Benchmarking Speech-to-Speech Translation Models
Title: Establishing Standards for Speech-to-Speech Translation Model Evaluation
Abstract:
While Speech-to-Speech Translation (S2ST) has seen rapid technological progress, the field currently suffers from a lack of standardized offline evaluation protocols. Existing studies often utilize disjoint sets of metrics, which makes direct comparison between different systems difficult or impossible. To address this, we present COMPASS, a comprehensive and reproducible benchmarking framework that consolidates 46 distinct metrics spanning eight evaluation dimensions. We applied this framework to analyze 1,248 configurations combining various models and languages, drawn from the FLEURS and CVSS datasets. This analysis covers both cascaded and end-to-end architectures across ten language pairs.
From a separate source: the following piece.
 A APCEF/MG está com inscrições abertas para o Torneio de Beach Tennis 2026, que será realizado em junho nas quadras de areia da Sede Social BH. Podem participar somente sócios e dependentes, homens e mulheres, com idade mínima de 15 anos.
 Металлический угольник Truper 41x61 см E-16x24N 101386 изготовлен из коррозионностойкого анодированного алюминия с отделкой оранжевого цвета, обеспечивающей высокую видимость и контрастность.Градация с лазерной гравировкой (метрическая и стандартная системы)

Our findings reveal that different architectural approaches possess distinct advantages. The performance gap between the best and worst systems exceeds 30% in areas such as naturalness and speaker preservation, whereas differences in translation quality are relatively minor, often differing by only a few points. Consequently, relying on a single metric leads to a systematic misrepresentation of overall system quality. By employing correlation filtering, we streamlined the 46 metrics down to 10 per direction. Notably, three evaluation axes necessitate different metrics depending on the translation direction (for instance, using TER/UTMOS versus ChrF++/NISQA-MOS). This reduced subset maintains ranking integrity (Spearman's $\rho > 0.80$) while reducing evaluation time by approximately 2.5 times.
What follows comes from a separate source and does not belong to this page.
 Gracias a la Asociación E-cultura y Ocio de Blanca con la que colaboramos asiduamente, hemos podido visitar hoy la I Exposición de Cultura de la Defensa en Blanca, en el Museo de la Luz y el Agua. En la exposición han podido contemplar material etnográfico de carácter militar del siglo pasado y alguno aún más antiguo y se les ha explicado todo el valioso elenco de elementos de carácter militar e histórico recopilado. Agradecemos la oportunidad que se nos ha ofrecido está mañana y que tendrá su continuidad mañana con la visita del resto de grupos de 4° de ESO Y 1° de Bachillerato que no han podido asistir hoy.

Furthermore, human validation studies conducted across dubbing, podcast, and medical contexts demonstrated that generic Mean Opinion Score (MOS) predictors are ineffective at forecasting listener preference. In contrast, domain-specific top-tier metrics showed strong alignment with human judgment ($\rho \geq 0.90$). We make COMPASS available as a foundational tool for conducting domain-aware evaluation in S2ST research.